Der Tchentlo Lake, der sich vor der kanadischen Lodge von Chantal (48) und Roger Achermann (56) erstreckt, ist 45 Kilometer lang. Und es gibt neben ihrem nur noch ein einziges anderes Haus an diesem See. Der «Nachbar» des Ehepaars Achermann, ist nur übers Wasser in rund 45 minütiger Fahrt erreichbar – und wohnt nur im Sommer dort. Am wilden, unberührten Ufer des Sees gibt es sonst nur Bäume, Bären, Wölfe und Elche – aber keine Zivilisation.
Um von der Rogers Paradise Lodge ins nächste Dorf namens Fort St. James zu gelangen, müssen die beiden mehr als zwei Stunden fahren – und dies über Kiesstrassen durch den Wald, ohne je einer Menschenseele zu begegnen. «Wir sind sehr auf uns alleine gestellt», sagt Chantal Achermann. «Das Schweizer Sicherheitsdenken mussten wir hier ablegen.»
Lang gehegter Traum
Den Traum von der kanadischen Abgeschiedenheit erfüllten sich die beiden ehemaligen Zürcher Stadtpolizisten vor drei Jahren. In ihrer Lodge beherbergen sie Feriengäste, Fischer und Waldarbeiter. «Wir sind in unserem Leben viel gereist und hatten schon lange die Idee einer Lodge, weil wir vor unserer Zeit bei der Polizei beide im Gastgewerbe tätig waren», erzählt Chantal Achermann.

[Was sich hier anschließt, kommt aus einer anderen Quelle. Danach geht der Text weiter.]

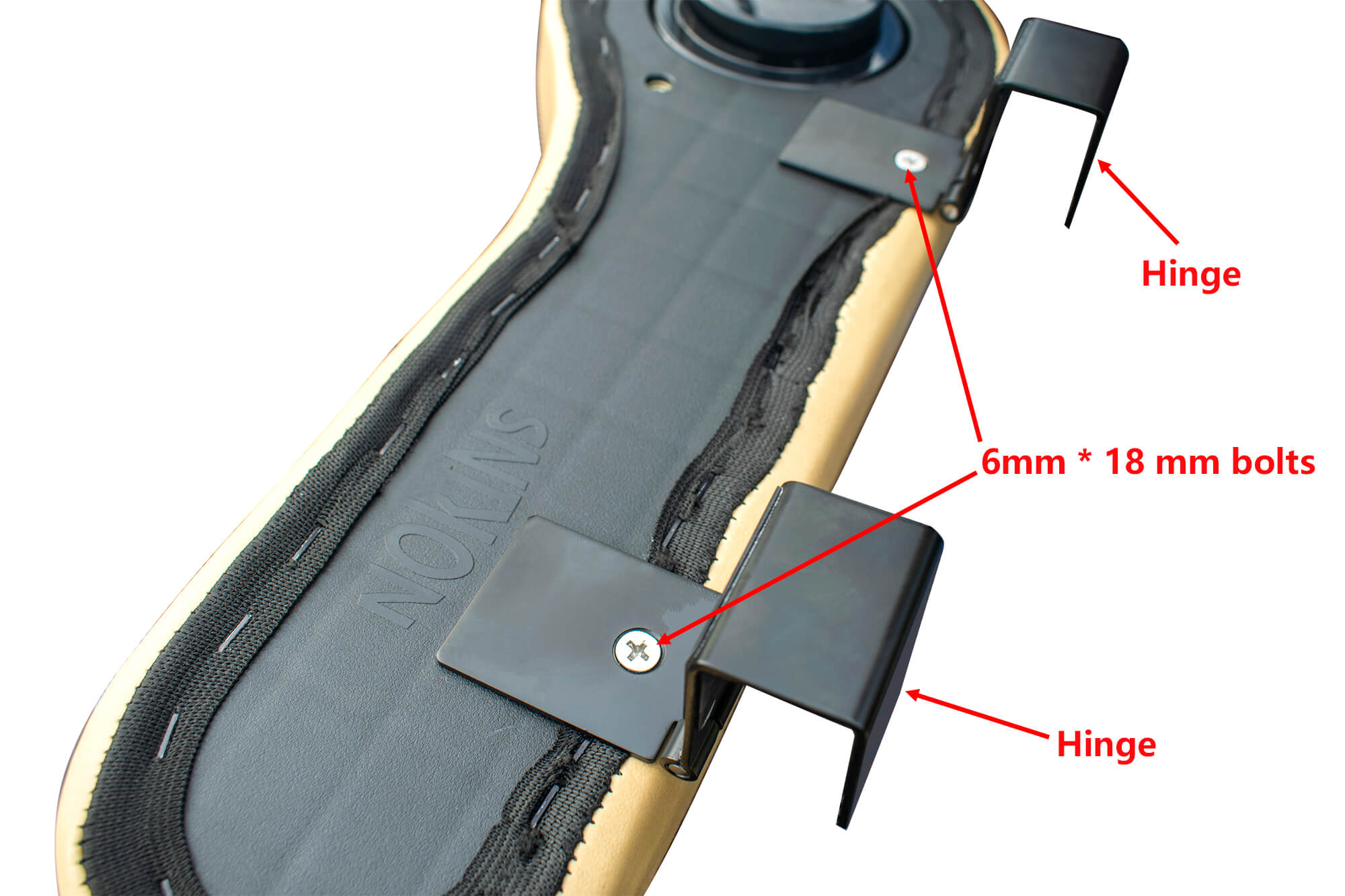 Note: U-25 damping hinge is suitable for carts with 1-inch square armrests in the rear seats. The stainless steel damping hinge prevents the armrest from bouncing when the golf cart is running.Tighten the screw slightly to fix the damping hinge. Do not over tighten the screws.

In Kanada habe es ihnen immer besonders gefallen. Jahrelang sahen sie sich nach geeigneten Liegenschaften um. «Als wir diese Lodge an ‹unserem› See sahen, wussten wir: Das ist es.» 2013 kauften sie das Haus und verbrachten die Sommer bis zur definitiven Auswanderung im 2017 dort, um das Haus und die Nebengebäude zu renovieren und auszubauen. «Als wir die Lodge kauften, war alles um uns herum reinste Wildnis und Busch. Als erstes bauten wir eine Strasse zu unserem Grundstück. Denn vorher war das Haus nur über den See erreichbar.»
Infrastruktur muss selber unterhalten werden
Die Gebäude haben Strom von einem Solarsystem. Wasser wird vom Grundwasser hochgepumpt. Um die Infrastruktur kümmert sich Roger Achermann. Auch den Unterhalt der sieben Kilometer langen Kiesstrasse bis zur nächsten grösseren Strasse bewerkstelligt er selber. Im Winter muss er zum Beispiel den Schnee räumen. Seine Frau ist für die Gäste zuständig und kocht und backt für alle.
Chantal Achermann: «Es ist ein einfaches Leben, das uns viel Arbeit beschert, aber glücklich macht. Wir sind stolz darauf, was wir geschaffen haben. Und die Schönheit der Natur oder die Tier-Begegnungen mit Wölfen, Bären und Elchen entschädigen für alles.» Trotz ihrer wohlüberlegten Auswanderung sagt sie: «Ferien im Traumland sind etwas ganz anderes, als dort zu leben.»
«Bereitet euch vor, bevor ihr geht»
Das erfuhr das Ehepaar vor allem im ersten Winter. «Wir hatten vier Meter Schnee und waren sieben Wochen eingeschneit. Das ist zwar kein Problem, denn wir kommen ein paar Monate mit unseren Lebensmitteln aus, haben auch mehrere Tiefkühler. Aber es gab andere Schwierigkeiten.» Die Temperatur im Haus zu halten, war zum Beispiel aufwändig. Sie übernachteten vor dem Ofen, um alle eineinhalb Stunden Holz nachlegen zu können. Draussen waren es minus 30 Grad, drinnen kamen sie knapp auf 19. Die Leitungen froren ein und sie mussten Schnee schmelzen, um Wasser zu haben. «Im ersten Winter hatten wir noch keine Gäste. Es hätte noch viel zu wenig geklappt», erzählt Chantal Achermann.
Sie will Auswanderungswilligen dringend raten: «Bereitet euch vor, bevor ihr geht. Erkundigt euch gut über das Leben in eurem Traumland.» Sie selber hätten sich sehr intensiv vorbereitet – und wurden dann doch von vielem überrascht. «Zum Beispiel von der Mentalität. Zwei Stunden zu spät ist für die Kanadier immer noch pünktlich.»
Zurück in die Schweiz wollen Achermanns nicht mehr. «Wir wollen in Kanada unseren Lebensabend verbringen. Wir haben hier unser Glück gefunden. Aber klar, für die Arbeit in der Lodge müssen wir beide gesund bleiben. Keiner von uns würde das alles alleine schaffen.»